- _The problem_
Your transcription must include every record word for word and no pictures.

== Records to use ==

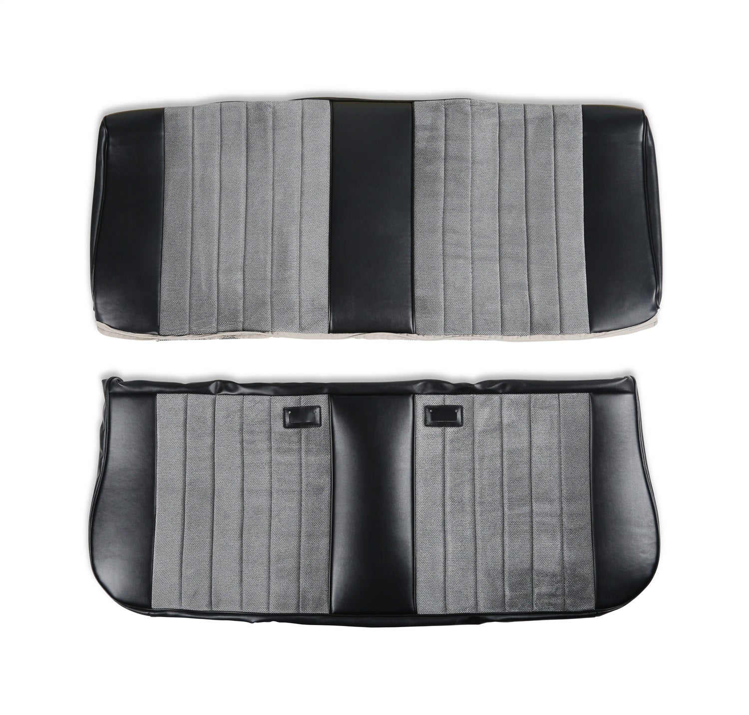 Holley Classic Truck Seat Upholstery Kit; Standard Pleat Cloth/Vinyl; Black/Silver; 3 in. Wide Vertical Pleats; 10 in. Wide Smooth Area;
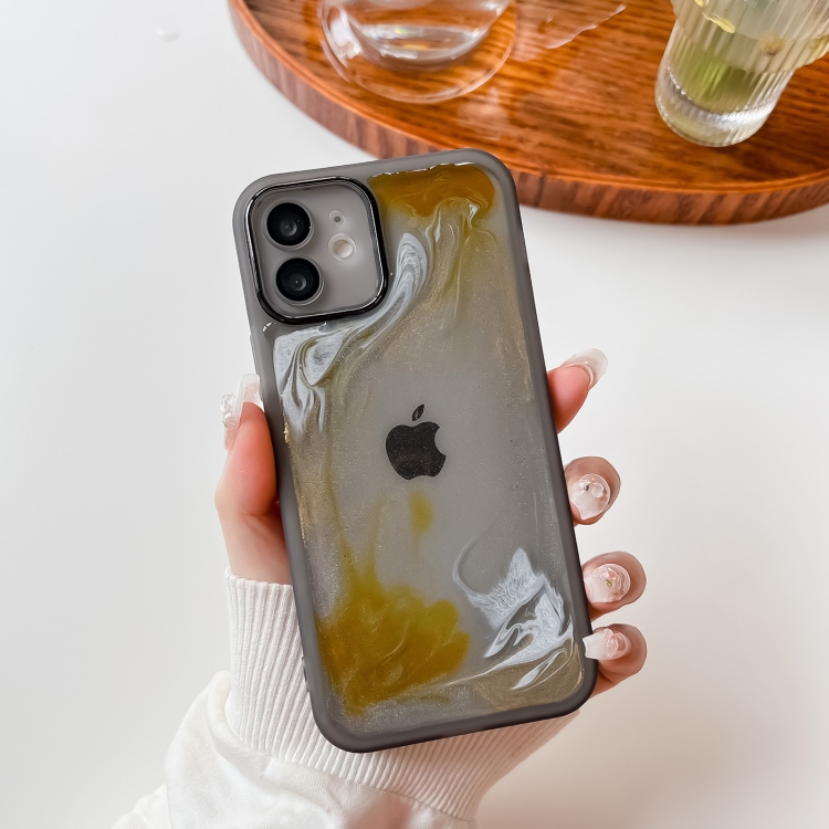 Funda para iPhone 12 Pintura al Óleo Galvanoplastia Caja del Teléfono TPU (Gris)
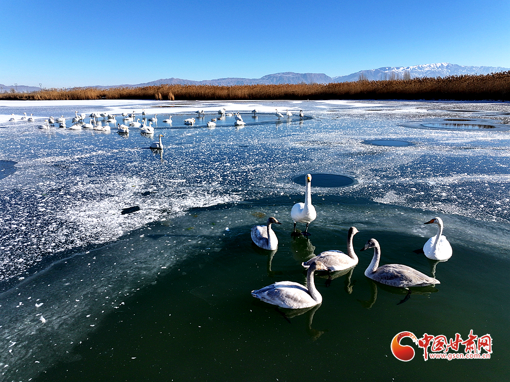 近日,在甘肅省張掖國(guó)家濕地公園,成群的越冬天鵝在冰封的湖面上悠然覓食、嬉戲,構(gòu)成了一幅動(dòng)人的生態(tài)畫卷,成為冬日里一道尤為引人注目的風(fēng)景線。
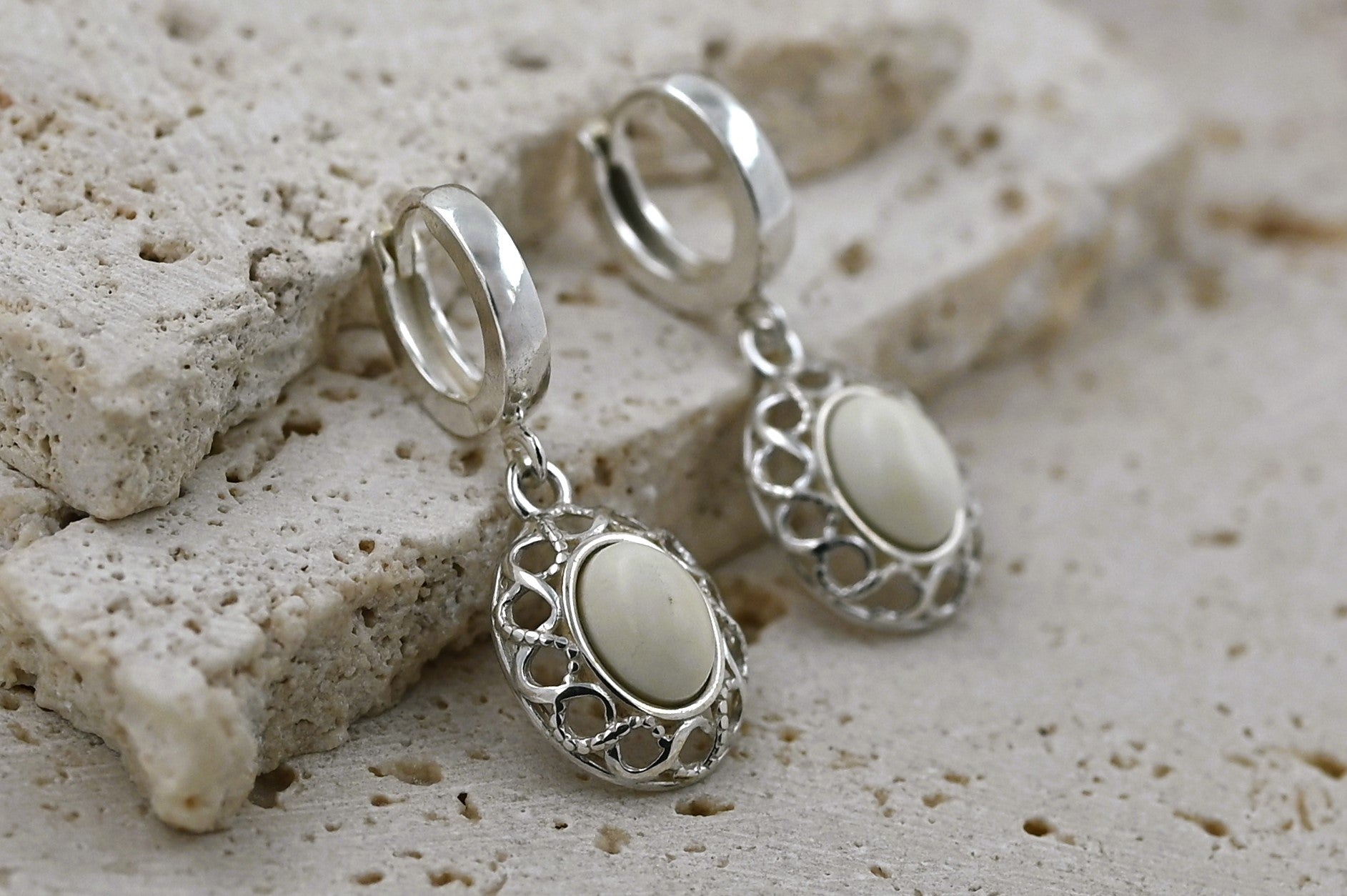 Odkryj subtelne piękno natury z naszymi kolczykami z naturalnym białym bursztynem bałtyckim, oprawionymi w srebro próby 925. To wyjątkowe połączenie klasy, delikatności i szlachetnego rzemiosła sprawia, że kolczyki stanowią doskonały wybór dla kobiet ceniących ponadczasową elegancję i naturalny blask bursztynu.
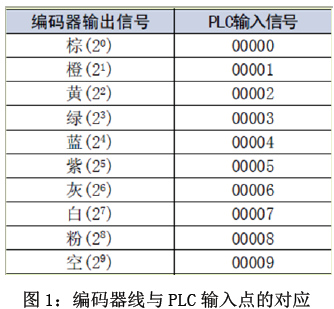 的線與PLC 輸入的點的對應圖,圖2 為NPN 輸出絕對值型E6C3-AG5C 的實際接線圖,紅色線接電源正極,黑色線接電源負極,褐色線接輸入0.00,橙色線接輸入0.01,黃色線接輸入0.02,綠色線接輸入0.03,藍色線接輸入0.04,紫色線接輸入0.05,灰色線接輸入0.06,白色線接輸入0.07,粉色線接輸入0.08,PLC 的COM 接電源正極。
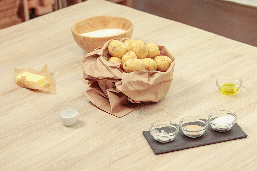 РЕЦЕПТ КАРТОФЕЛЬНОГО ХЛЕБА Рецепт картофельного хлеба Время приготовления: 1 час 20 минут! Ингредиенты: Картофель 200г — 4 рубля Масло сливочное 75г — 42 рубля Мука 400г — 15 рублей Сахар 50г — 2 рубля Разрыхлитель теста 10г — 10 рублей Дрожжи 14г — 10 рублей Масло оливковое 15мл — 17 рублей Сервировка «Брускетта»: Помидор 1шт Чеснок 1 зубчик Базилик свежий 2 веточки Перец черный по вкусу Масло оливковое 40мл Соль по вкусу Приготовление: Брускетта: ГОТОВО ПРИЯТНО АППЕТИТА!!¡!!!
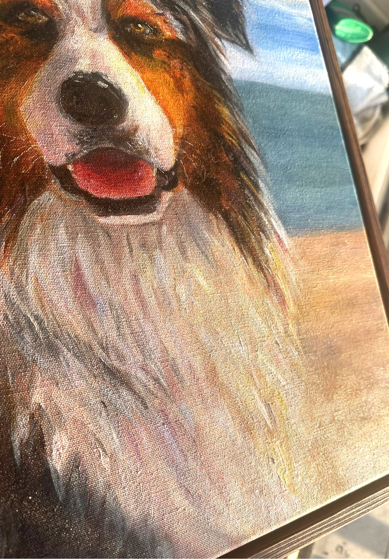 Dieses Ölportrait entstand als Erinnerung an Niju, der viele Jahre treuer Begleiter war. Ich wollte seine freundliche, kluge Ausstrahlung bewahren. Das Bild zeigt ihn am Meer und soll seinen Platz im Herzen weiter sichtbar machen.
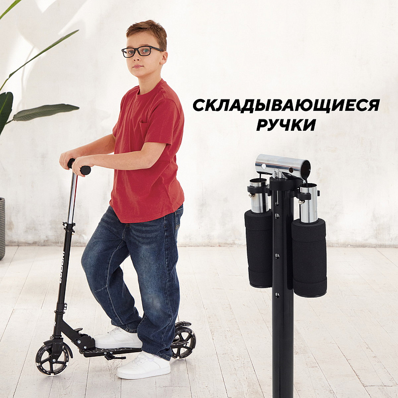 рулевая стойка модели складывается, поэтому самокат максимально комфортно брать с собой в любое путешествие
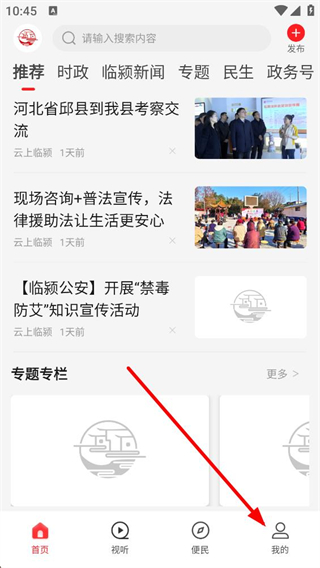 1、進入云上臨潁首頁,可查看推薦時政等板塊的資訊內容,點擊底部我的選項,即可進入個人中心界面,準備進行賬號相關操作。

===

- _Expected answer_
 Holley Classic Truck Seat Upholstery Kit; Standard Pleat Cloth/Vinyl; Black/Silver; 3 in. Wide Vertical Pleats; 10 in. Wide Smooth Area;
 Funda para iPhone 12 Pintura al Óleo Galvanoplastia Caja del Teléfono TPU (Gris)
 近日,在甘肅省張掖國(guó)家濕地公園,成群的越冬天鵝在冰封的湖面上悠然覓食、嬉戲,構(gòu)成了一幅動(dòng)人的生態(tài)畫卷,成為冬日里一道尤為引人注目的風(fēng)景線。
 Odkryj subtelne piękno natury z naszymi kolczykami z naturalnym białym bursztynem bałtyckim, oprawionymi w srebro próby 925. To wyjątkowe połączenie klasy, delikatności i szlachetnego rzemiosła sprawia, że kolczyki stanowią doskonały wybór dla kobiet ceniących ponadczasową elegancję i naturalny blask bursztynu.
 的線與PLC 輸入的點的對應圖,圖2 為NPN 輸出絕對值型E6C3-AG5C 的實際接線圖,紅色線接電源正極,黑色線接電源負極,褐色線接輸入0.00,橙色線接輸入0.01,黃色線接輸入0.02,綠色線接輸入0.03,藍色線接輸入0.04,紫色線接輸入0.05,灰色線接輸入0.06,白色線接輸入0.07,粉色線接輸入0.08,PLC 的COM 接電源正極。
 РЕЦЕПТ КАРТОФЕЛЬНОГО ХЛЕБА Рецепт картофельного хлеба Время приготовления: 1 час 20 минут! Ингредиенты: Картофель 200г — 4 рубля Масло сливочное 75г — 42 рубля Мука 400г — 15 рублей Сахар 50г — 2 рубля Разрыхлитель теста 10г — 10 рублей Дрожжи 14г — 10 рублей Масло оливковое 15мл — 17 рублей Сервировка «Брускетта»: Помидор 1шт Чеснок 1 зубчик Базилик свежий 2 веточки Перец черный по вкусу Масло оливковое 40мл Соль по вкусу Приготовление: Брускетта: ГОТОВО ПРИЯТНО АППЕТИТА!!¡!!!
 Dieses Ölportrait entstand als Erinnerung an Niju, der viele Jahre treuer Begleiter war. Ich wollte seine freundliche, kluge Ausstrahlung bewahren. Das Bild zeigt ihn am Meer und soll seinen Platz im Herzen weiter sichtbar machen.
 рулевая стойка модели складывается, поэтому самокат максимально комфортно брать с собой в любое путешествие
 1、進入云上臨潁首頁,可查看推薦時政等板塊的資訊內容,點擊底部我的選項,即可進入個人中心界面,準備進行賬號相關操作。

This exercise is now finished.